FEATURES.md what's done, with status legend
MISSING_FEATURES.md gaps + nice-to-haves (next ~10 iters)
ROADMAP.md long-form prioritisation rubric
ARCHITECTURE.md crate boundaries + design constraints
KNOWLEDGE.md internals + trade-offs
FREE_THREADING.md Python 3.13 no-GIL notes
CONTRIBUTING.md repo conventions
RELEASING.md release / versioning flow
CHANGELOG.md what shipped per minor

Table of contents

  1. Why litGraph
  2. Headline benchmarks
  3. Install
  4. 60-second tour
  5. Quickstart by subsystem
  6. Workspace layout
  7. Provider / store / loader matrix
  8. Design principles
  9. Migrating from LangChain / LangGraph
  10. FAQ
  11. Local models
  12. Development workflow
  13. Versioning + releases
  14. License

Why litGraph

LangChain and LangGraph are mid-migration every quarter, pull hundreds of optional dependencies, and burn measurable wall-clock time on Python / asyncio overhead. For production workloads — high throughput, long-running sessions, durable execution, real concurrency — they are not the right tool.

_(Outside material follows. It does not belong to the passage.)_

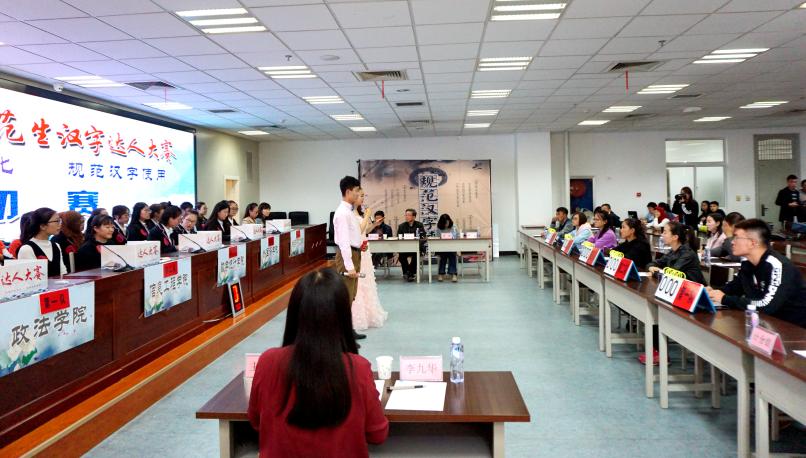 政法学院、人文学院、教育学院、信息工程学院、体育学院等15个设有师范专业(即教师教育专业)学院的70多位师范生分三场,参加了“听写汉字”“选择字音”“经典填字”“提示猜字”四个环节的比赛,使出看家本领,你争我赶,展示了各参赛队员对汉字的字形、字音、字义等方面“功底”。

litGraph keeps the parts that matter:

  • Typed StateGraph with a deterministic Kahn scheduler.
  • Tool-calling agents built on the StateGraph (ReAct, Supervisor, Plan-Execute, Debate, Critique-Revise, Self-Consistency).
  • Streaming → Python async iterators with sub-millisecond per-event overhead.
  • Retrieval primitives: vector + BM25 + RRF + MMR + HyDE + multi-query + parent-document + self-query + time-weighted + ensemble.
  • Checkpointers (SQLite / Postgres / Redis) for HITL pauses and time-travel replay.
  • Observability via callback bus + first-class OpenTelemetry.
  • Structured output with Pydantic / dataclass / TypedDict / JSON Schema, including stream coercion.

…and drops the rest: deprecated chain classes, 150+ niche loaders, per-feature class hierarchies that fight modern Python typing.


Headline benchmarks

criterion micro-benches on macOS arm64 (M-series). Reproduce with cargo bench -p litgraph-bench.

graph_fanout/64       ~  90 µs       706K nodes/s   (Kahn scheduler ~1.3 µs/node)
bm25_search/50k       ~ 2.1 ms       23.4M elem/s   (rayon-parallel scoring)
hnsw_search/100k      ~  41 µs       2.4G elem/s    (107× over brute-force cosine)
sse_parse/16KB        ~  12 µs       1.3 GB/s       (zero-copy event extraction)
json_repair/256B      ~ 280 ns       904 MB/s       (partial-JSON streaming)
rrf_fuse/4×100        ~  65 µs       6.1M docs/s    (parallel rank-merge)

Numbers will drift; the shape is the point — every primitive is a Rust call, no Python interpreter on the hot path.


Install

Wheels for PyPI are pending v1. For now: build from source.

# Prereqs (one-time):
#   Rust toolchain (stable, ≥ 1.75)  →  https://rustup.rs
#   Python 3.9+ (CPython or PyPy)
#   uv  or  pip + venv               (any modern Python installer)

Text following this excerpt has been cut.